Cool it | National Hunter

Cool it |  National Hunter

Canadian innovator Deepchill is introducing a new type of ice to the fishing industry.

Kyle Morrison, sales manager at Deepshell in Toronto, Ontario, sees structural constraints on how fishermen can protect the quality of their catch.

“The number two salmon market is shrinking,” he says. “I understand that Alaska wants to protect 32-foot (vessels), but there are structural issues in that fishery that make it difficult for those boats to compete on quality.”

According to Morrison, refrigerated seawater (RSW) does not keep the fish cold enough to maintain them at the highest quality.

“In Bristol Bay, those fish come on board at 40 to 50 degrees Fahrenheit. They go to RSW and are brought down to 35 degrees, then they go to a tender and then to the processing plant. It takes a lot of time, and it can be The core temperature of these fish is not equal. Some may be at 35, some 38 and some are freezing. The KPI temperature for salmon is 31 degrees.
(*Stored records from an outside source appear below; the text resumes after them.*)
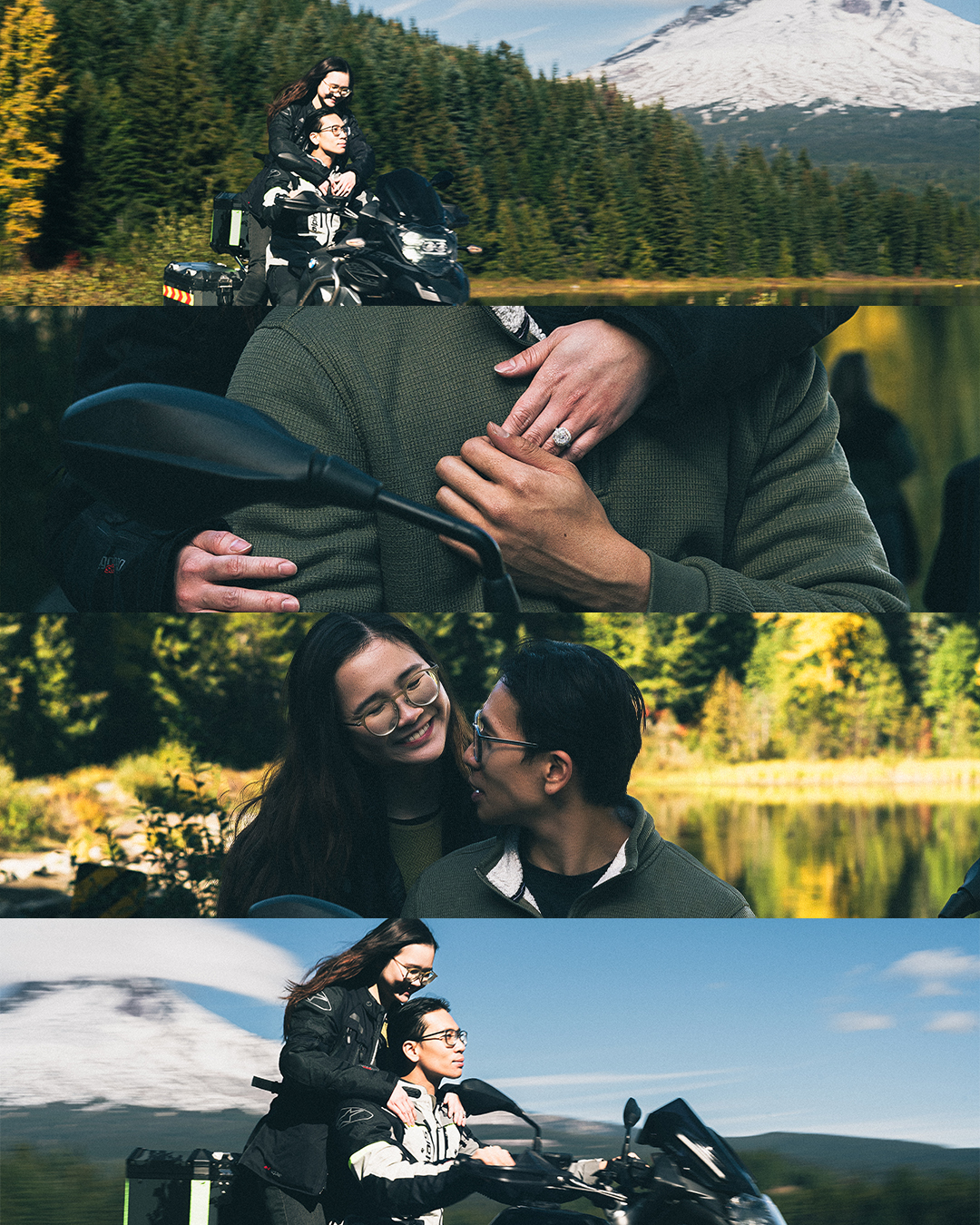 When my client told me that they were planning to arrive on a motorcycle, I instantly thought that it would be so great to include it in the proposal pictures. Being such a big part of the story, we definitely had to stage a few shots with the motorcycle after the proposal moment. Working with props like this definitely makes the whole storyline more cinematic and personal. In my work, I strive to have a good balance of a few staged, timeless shots in combination with candid, movie-like frames.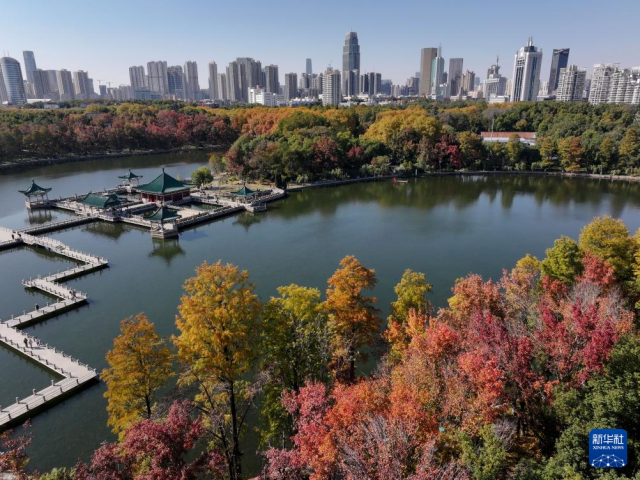 11月18日在湖北省武漢市東湖風景區(qū)拍攝的初冬景色(無人機照片)。新華社發(fā)(趙軍攝)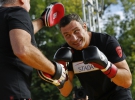 В московском парке "Красная Пресня" прошла открытая тренировка 11-кратного чемпиона мира в супертяжелом весе по версии WBC Виталия Кличко и немца Мануэля Чара.
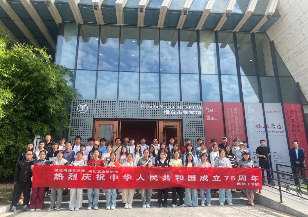 活动二:10月1日上午,王红艳、林凯两位老师组织研学团队和班级同学开展了“透过书画学总理,建功立业新时代”的研学之旅。在淮安市美术馆,师生和淮安市民共同见证了江苏省书法院向周恩来总理家乡捐赠作品仪式。师生在欣赏周恩来诗词、语录以及后人讴歌周恩来崇高精神风范的丹青墨韵中深化了对周恩来总理的缅怀和敬仰之情。在现场,两位老师为同学讲解典型书画作品背后的故事,师生交流了新时代青年员工应该怎样学习和践行周恩来崇高精神风范,为中华民族伟大复兴贡献青年力量。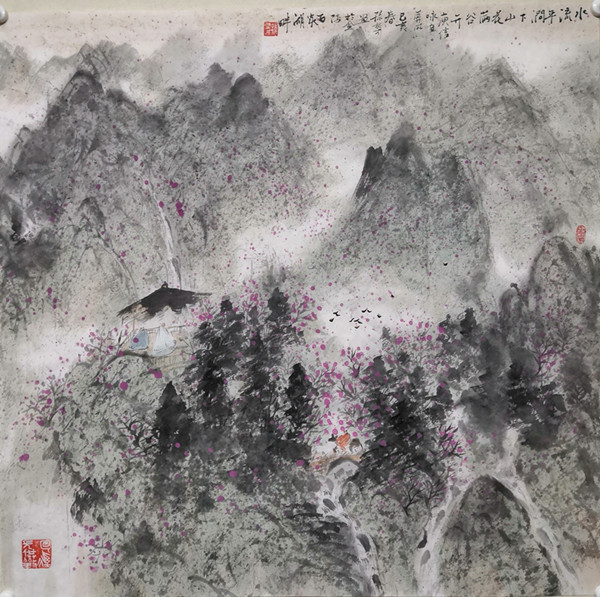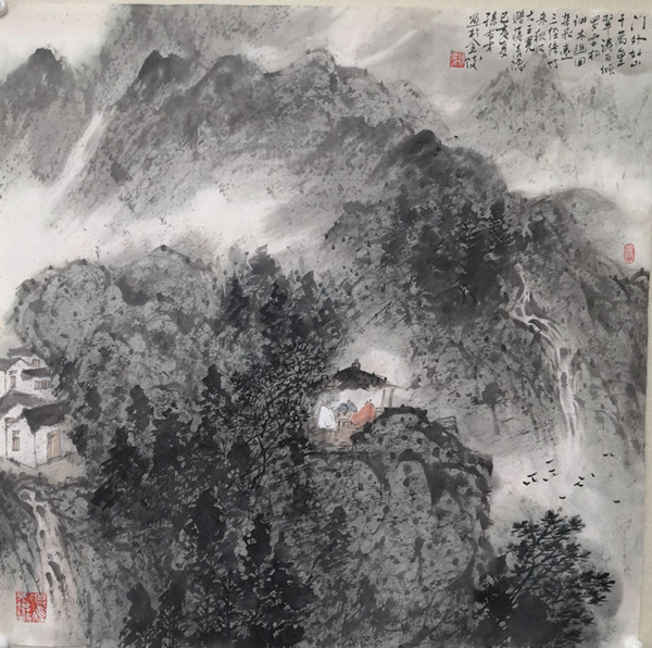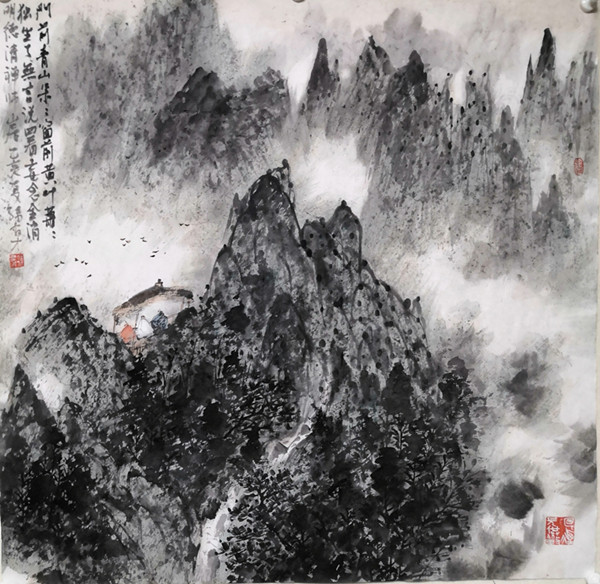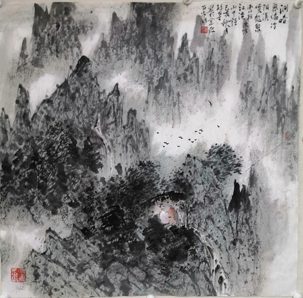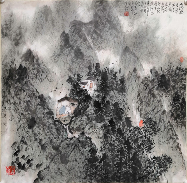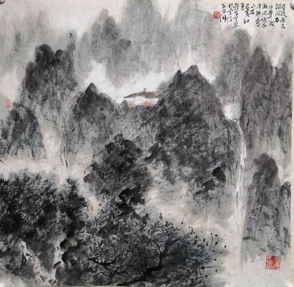 ►在创作中,孙有才注重根据描绘山水时的心理感受,表现画面的动势化倾向;注重依据山水的向背进行书写的变化与浓淡关系的表现,用墨用水之灵动实而不滞。他在墨色的变化中统筹“形”的塑造与“意”的的通达,以写意的笔触与情感达到契合;在畅神遨游中,把握山水生命的勃然生机,表现出线、面相互交织的生命律动。另外,他还会根据山体的不同变化来用线,线条抑扬顿挫,富有节奏感。他以气势性的书写和运势连贯的运笔,表现出了激荡连绵、深沉幽远的山水景象,令人神往。
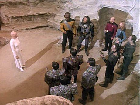Picard’s former archaeology professor and mentor, Galen (Norman Lloyd) asks Picard to join him on a super-secret mission. It would mean leaving the Enterprise, so Picard passes, and a disappointed Galen moves on. He is later killed when his shuttle is attacked, and Picard takes on the mysterious mission — which seems to be aimed at gathering DNA fragments from various worlds. Soon, the Klingons and Cardassians are involved (they apparently learned of Galen’s mission) and Picard gets the two rivals to work together. After some prerequisite deception — the Cardies try to sabotage the Enterprise and the Klingon captain (John Cothran) tries to bribe Data — they all end up on a lifeless planet, where the last remaining DNA fragment is found. Then, the Romulans show up — they’d been shadowing the Enterprise — and a faceoff appears imminent. As the parties squabble with weapons drawn, Picard and Crusher extract the DNA and it activates an ancient hologram (Salome Jens) who tells the group that long ago her people spread their genetic material throughout space — possibly creating the bipeds we see all over Trek and hinting at the possibility that the races are somewhat related. The Klingons and Cardassians are unmoved, but the episode ends with the Romulan commander contacting Picard, saying perhaps they’re not that different after all.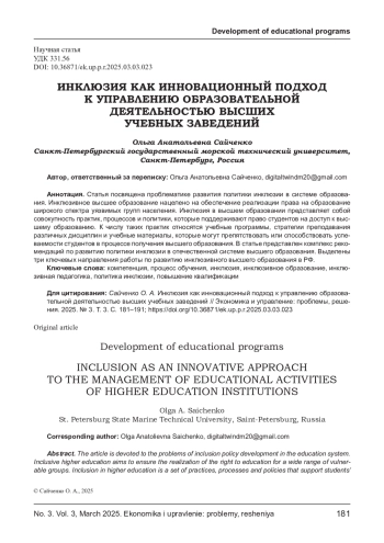 21. Korthals Altes T., Willemse M., Goei S. L., Ehren M. Higher education teachers’ understandings of and challenges for inclusion and inclusive learning environments: A systematic literature review // Educational Research Review. - 2024. - Vol. 43. DOI: 10.1016/j.edurev.2024.100605 EDN: UHVDJE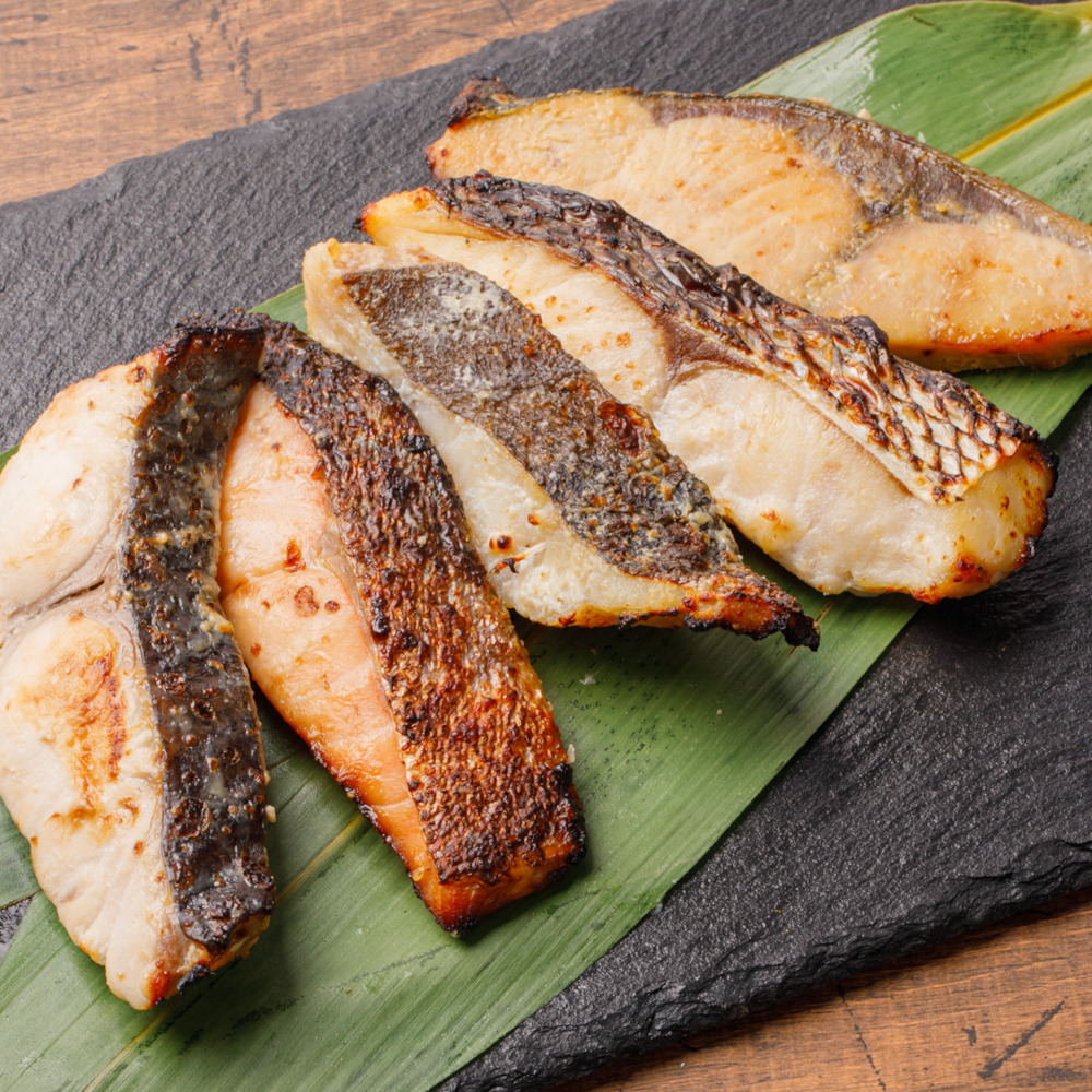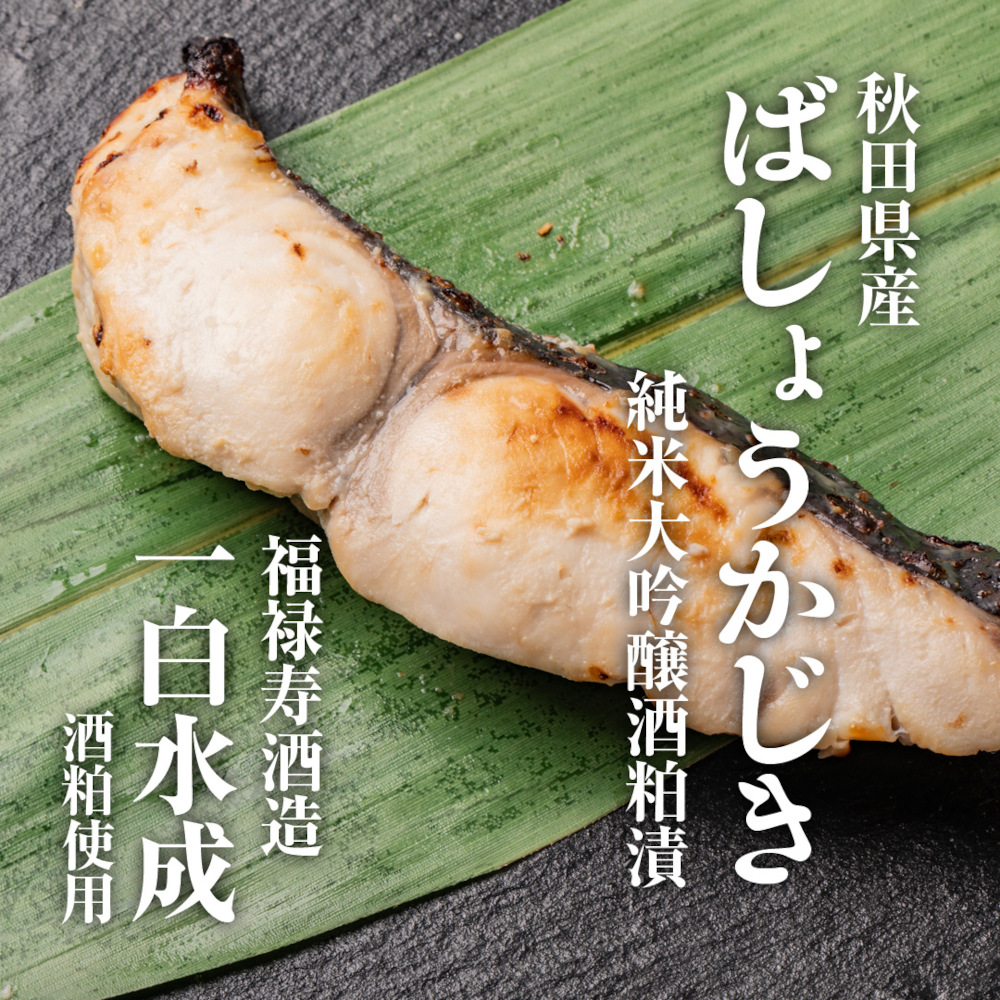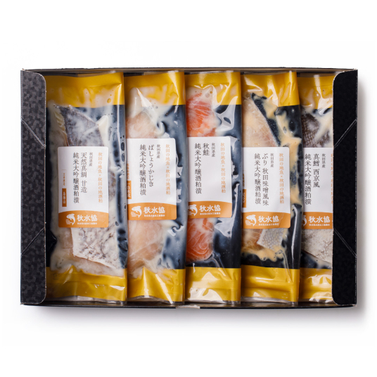 秋田県内で水揚げされた5魚種(真鯛、ぶり、さけ、たら、ばしょうかじき)の切り身を、美酒王国秋田にちなみ県内の五つの酒蔵(秋田酒造、浅舞酒造、奥田酒造店、天寿酒造、福禄寿酒造)の純米大吟醸酒粕をつかった粕漬を商品化しました。

While it is often viewed as lacking the flavor and texture of wild salmon, Deepchill slurry-farmed salmon arrives at the market with a quality of wild fish that must rival it. Deepshell photo.

According to Morrison, Deepchill slurry is the right technology to cool fish evenly to the optimum temperature, which he believes is the best way to compete in a market where quality has become vital.

“In almost all ice machines, the ice is created on the surface, and what that does is create flakes with sharp edges no matter how small.” He explains that Deepchill slurry is made by freezing seawater in the liquid itself. “With Deepchill we agitate the water so it doesn’t freeze on the surface of the heat exchanger. What this does is allow the ice to form into little balls. The spherical shape of Deepchill slurry gives it some unique properties in the way it moves and the way it cools the fish,” he says. “Deepchill the fish in storage, allowing continuous cooling.” “The crystal form does not harm the fish, and our slurry can lower the internal temperature of the fish by up to 30 degrees without freezing it.”

Although Deepchill is not yet widely used in Alaskan salmon fishing, it is being used in aquaculture and on a 90-foot Newfoundland trawler, Executioner, owned and operated by Dennis McCarthy. “Dennis typically fishes for crab, bottom fish and shrimp – the latter two have serious shelf life issues,” Morrison says.

Dennis McCarthy, owner of the 90-foot Executioner trawler in Newfoundland, uses Deepchill slurry to preserve his catch of fish, shrimp and crab. Deepshell photo.

Morrison states that McCarthy sought a new system after years of experience using flake ice, and that the Deepchill slurry made a significant difference in the quality of the product that McCarthy was satisfied with. “McCarthy’s now supplies its processors with fish that is superior in color and condition, and delivered at the ideal temperature – even after a longer voyage at sea. Products now sell at a 10-15 percent premium, a Deepchill case study reported.

“We also have a Deepchill machine on a good aquaculture boat, and by cooling the fish to 31 degrees, it extends the shelf life and marketability of their fish,” Morrison says. “What we offer wild harvesters is a way to get the most out of their catch. I’ve heard of processors and tenders losing fish because they couldn’t get the temperature down, or because it took too long.

The smallest Deepchill slurry maker will occupy approximately 52 cubic feet on a gillnet in Bristol Bay, where space is at a premium. “That’s not the market we’re looking at,” Morrison says. “The smaller the machine the more expensive the slurry is, and I don’t know that it would be appropriate for a gill net maker to spend $85,000 on one of these systems. We’re thinking about processing plants and tenders.

The size of the Deepchill machine is approximately 6 x 2.5 x 3.5 feet. It makes ice on board from seawater and can be set up to deliver slurry when needed with adjustable ice/seawater ratios. Deepshell photo.

If a tender could have a machine and place 1 or 2 cubic meters of Deepchill slurry on the gill net, that boat would have about 24 hours to put fish on board. Then if the bidders put the fish they obtained in the slurry on board the ship, they will be able to offer a much higher quality product, and perhaps at a higher price.

The advantage of Deepchill slurry, according to Morrison, is not its temperature. “There is a misconception that the ice temperature is what cools the fish,” he says. “But that’s not all. It’s the ice phase changing between solid and liquid that cools the fish, and our slurry goes through this phase change at a higher rate than other slurries.

Morrison has so much confidence in Deepchill that he is offering to put the system out to tender with a money-back guarantee. “I firmly believe that a tender is the best place to place an order. I would be willing to offer a money-back guarantee for the first season. If they are not happy, we will cancel the order and give them their money back.”

McCarthy states that using a Deepchill slurry enables him to extend his trips, while getting a 10-15 percent premium on the fish he catches. Deepshell photo.